He’d been pushing back the lack of dignity ever since the inner working of his soul had been exposed so brutally: Peter Pettigrew was a rat, not a proud a noble stag, not a loyal and playful dog. They’d all been transfixed when James had first transformed in their dormitory. Peter remembered that even Sirius hadn’t been able to find anything to fault with a stag. Sirius had been satisfied with a dog too – Peter always assumed he liked the dramatic jet black of his coat, and the idea that he was something so agreeable as a dog had done little to deflate his arrogance. There had been some teasing on that front: James had delighted in instructing Sirius to sit in public places, or by patting him on the head and saying ‘good boy.’ It had been nothing to the extent of teasing that Peter had received.

A rat. So lacking in glamour, sophistication and pride. Another dent in a caving ego.

It seemed fitting to Peter that he would be a repulsive creature in both human and animal form, now that he looked back upon the moment. He didn’t know much about rats. He’d learnt about them since, desperately trying to find some redeeming feature within himself. Rats are shy. Well that was hardly a positive, was it? Scavengers. He supposed he could stretch that to ‘resourceful’ if he tried hard enough? Actually very clean. Peter had hoped for a little more encouragement than good personal hygiene (and, anyway, he didn’t consider himself to be particularly clean).

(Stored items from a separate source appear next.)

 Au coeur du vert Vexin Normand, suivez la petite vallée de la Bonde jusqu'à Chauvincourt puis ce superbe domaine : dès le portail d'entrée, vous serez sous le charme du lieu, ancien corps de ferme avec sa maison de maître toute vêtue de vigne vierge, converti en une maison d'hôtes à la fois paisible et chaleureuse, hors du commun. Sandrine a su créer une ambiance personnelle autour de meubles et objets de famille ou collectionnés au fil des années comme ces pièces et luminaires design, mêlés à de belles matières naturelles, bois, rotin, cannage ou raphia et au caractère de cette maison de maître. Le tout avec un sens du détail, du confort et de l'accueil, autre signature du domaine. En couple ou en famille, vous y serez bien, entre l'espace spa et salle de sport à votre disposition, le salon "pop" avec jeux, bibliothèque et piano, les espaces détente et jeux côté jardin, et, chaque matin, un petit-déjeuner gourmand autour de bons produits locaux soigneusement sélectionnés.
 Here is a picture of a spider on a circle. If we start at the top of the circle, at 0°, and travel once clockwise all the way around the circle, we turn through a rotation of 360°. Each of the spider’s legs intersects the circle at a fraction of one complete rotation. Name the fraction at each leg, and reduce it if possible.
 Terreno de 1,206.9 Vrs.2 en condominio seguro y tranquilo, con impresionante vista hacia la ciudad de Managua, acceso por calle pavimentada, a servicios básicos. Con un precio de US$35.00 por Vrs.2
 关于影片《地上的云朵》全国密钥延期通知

For awhile Peter had considered the prospect that a rat didn’t represent his character. Sure, it was undeniable that something as majestic as a stag really did suit James, and something as loyal as a dog fitted Sirius better than Peter could have said... but that didn’t mean that Peter was a rat, did it?

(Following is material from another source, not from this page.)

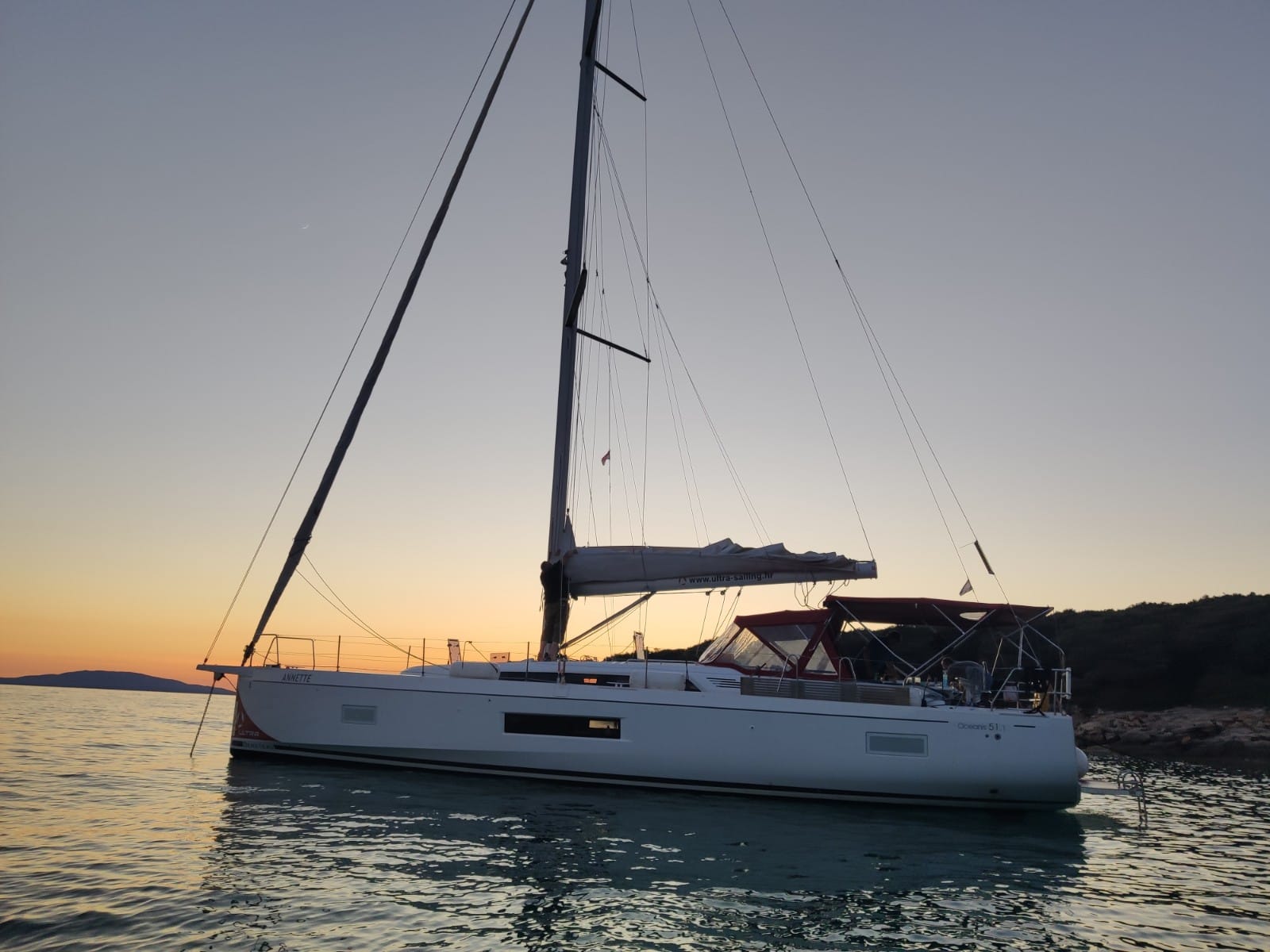| Safety | Autopilot, Bootsmannstuhl, Bordapotheke, Bugstrahlruder, elektr. Bilgepumpe, Feststoffschwimmwesten, Feueraxt, Feuerlöscher, Flaggen, Handbilgepumpe, Lifebelts, Nebelhorn, Notsignale, Rettungsinsel, UKW-Funk, Zweitanker |

Patronuses: James sat upon his desk with that familiar expression of slight arrogance, as his silver stag galloped around the classroom; and Sirius was leant against the wall watching with amusement, his own wand raised and ready (although Sirius always found it much more difficult to think of something happy enough). James’s expression of glee increased as Lily’s patronus burst from her wand, a sliver doe. A perfect match. Remus was holding back, not wanting his wolf revealed to the rest of the classroom. Peter, too, was choosing not to try very hard – although he suspected he wouldn’t be able to master the spell anyway, given it was so notoriously difficult – and was instead glancing around at the others.

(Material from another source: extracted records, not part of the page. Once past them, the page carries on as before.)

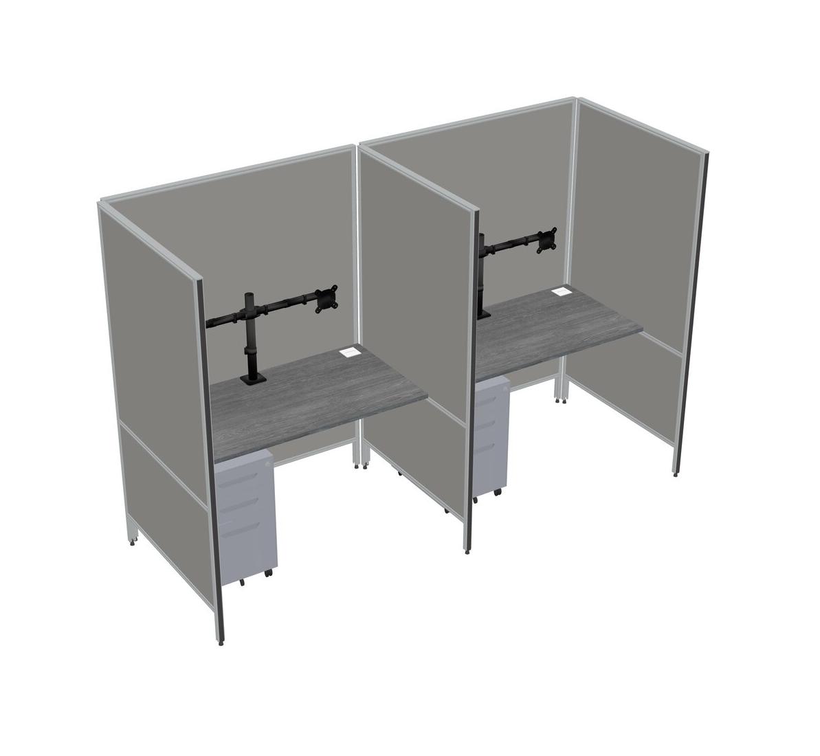 Système De Panneaux Flexibles Gris Pour 2 Tiroirs Mobiles En Métal + Bras Pour écran (double Bras)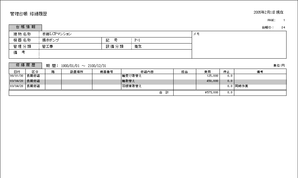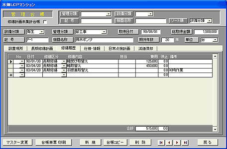 指定した期間で設備別や修繕区分別に集計も行えますので、建物ランニングコストの管理にもご利用いただけます。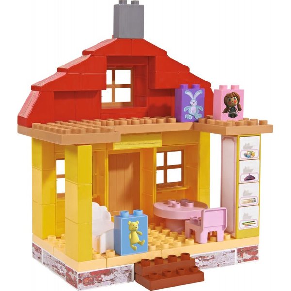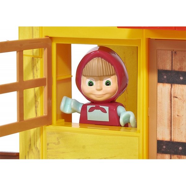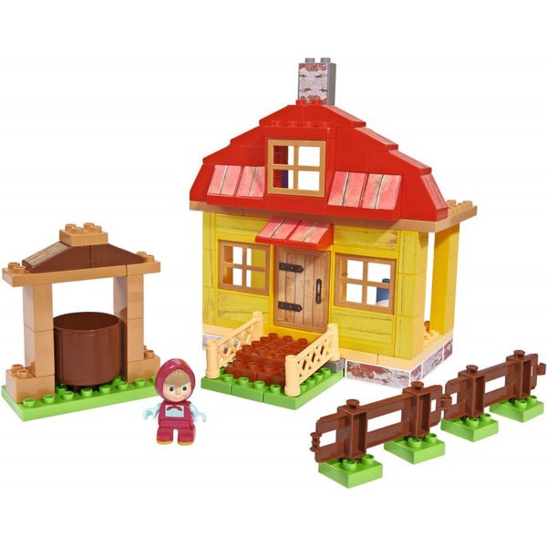 Zbuduj piękny domek dla Maszy! Domek wygląda jakby był stworzony z drewna. Ma czerwony dach z ceglanym kominem oraz wiele okien. Wejście zdobią małe schodki z ozdobną balustradą. Na dworze stoi mini płotek oraz pięknie prezentująca się studnia. W środku jest miejsce do siedzenia i stolik - Masza może zaprosić do środka swojego przyjaciela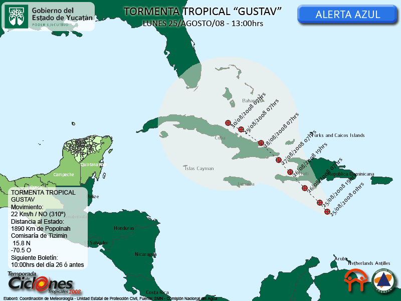 Se espera que la Tormenta Tropical Gustav, continúe con su desplazamiento hacia el Noroeste aproximandose a la Categoría de Huracán mientras se acerca a las Costas de Haiti.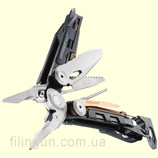Leatherman MUT - первый мультиинструмент разработанный для решения как тактических, так и практических задач военных. Набор насчитывает 16 инструментов, в первую очередь, предназначенных для обслуживания огнестрельного оружия: ключ для разборки винтовки, шомпол, отвертки и выколотки, обжимка для детонаторов, молоток, кусачки, пила, а так же острый клинок из стали 420HC с частичной серрейторной заточкой. Большинство деталей сменные, что дает возможность при помощи отвертки заменить их в случае износа, а сама конструкция предполагает однорукий доступ ко всем основным инструментам с фиксаторами для защиты от случайного закрытия при работе. Рукоятки и корпус тула изготовлены из нержавеющей стали, а эргономичность конструкции позволяет работать с инструментом даже в перчатках. Мультитул Leatherman MUT 850012N комплектуется нейлоновым чехлом с креплением Molle коричневого цвета, съемной титановой клипсой, а так же набором бит, благодаря которым, значительно расширяется его использование.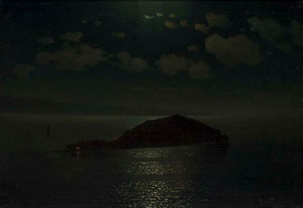Curator: This is C. Bennette Moore's "Untitled (sailboats on water)," currently held at the Harvard Art Museums, a silver gelatin print measuring about 8 by 10 inches. Editor: It feels so stark! Like a dream half-remembered, all silhouettes and shimmering reflections. Is it me, or does the inverted contrast give it an almost ghostly quality? Curator: Precisely. The high contrast emphasizes the masts and rigging, creating an intricate network of lines against the dark sky. The water acts as a mirror, doubling the complexity of the composition. Editor: Yes, that reflection…it almost destabilizes the boats! I feel a longing, maybe a touch of melancholy. Like the end of a long day at sea, the calm before a storm. Curator: The lack of color certainly contributes to the mood, stripping away any sense of place or time, focusing instead on the essential forms and relationships. A visual poem of light and shadow. Editor: Well, said. I'll be thinking about those ghostly sails for some time. Curator: As will I, particularly how Moore captures the silent elegance of these vessels.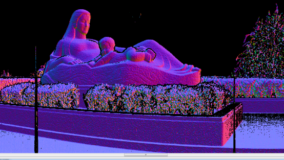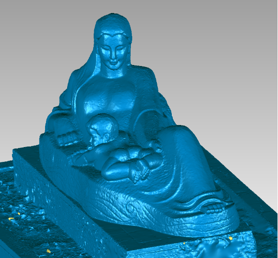 項(xiàng)目以“黃河母親”像為對象進(jìn)行掃描,要求精細(xì)化掃描后建立三維模型,并對數(shù)據(jù)進(jìn)行存檔,以方便后續(xù)的文物保護(hù)工作。外業(yè)掃描共8站,耗時約2小時,內(nèi)業(yè)耗時1天。

There was a silver tom cat, a silver canary and a bright silver tortoise.

The classroom was alive with light.

Peter took a deep breath and summoned up the happiest memory is mind had held onto. He closed his eyes with the effort. He could think of many happy memories: the four of them in shrieking shack, the four of them finally completing the Marauder’s Map, the four of them sitting underneath a tree in the grounds... but each one seemed tainted by his own sense of inadequacy. Each memory had festered until Peter recalled feeling unremarkable, left out and ashamed of his own thoughts. A rat.

He finally selected his first night at Hogwarts. Peter had been round faced and chubby, Sirius had been loud to suppress the shockwaves that were trembling though the school after his sorting, Remus had been trying to imagine how much his new friends would hate him after they discovered his secret, and James had been struggling not to appear too arrogant. They had been equal then, new in the school – with the same levels of confidence, and reserve, with years and years of friendship ahead of them.

Peter was so shocked by the fact that he’d managed to produce such a bright silver light that he almost dropped his wand. He didn’t, however, and upon widening his eyes noted what he’d already known, deep down. A silver rat – beautiful, still, with its long naked tail twisting behind him.

“Look!” A Hufflepuff girl said to her friend, “Pettigrew’s a rat.”

More of the class started looking and Peter found his face flushing, his happy resolve lessening, and his patronus – something he should have been so proud of – disappearing with it.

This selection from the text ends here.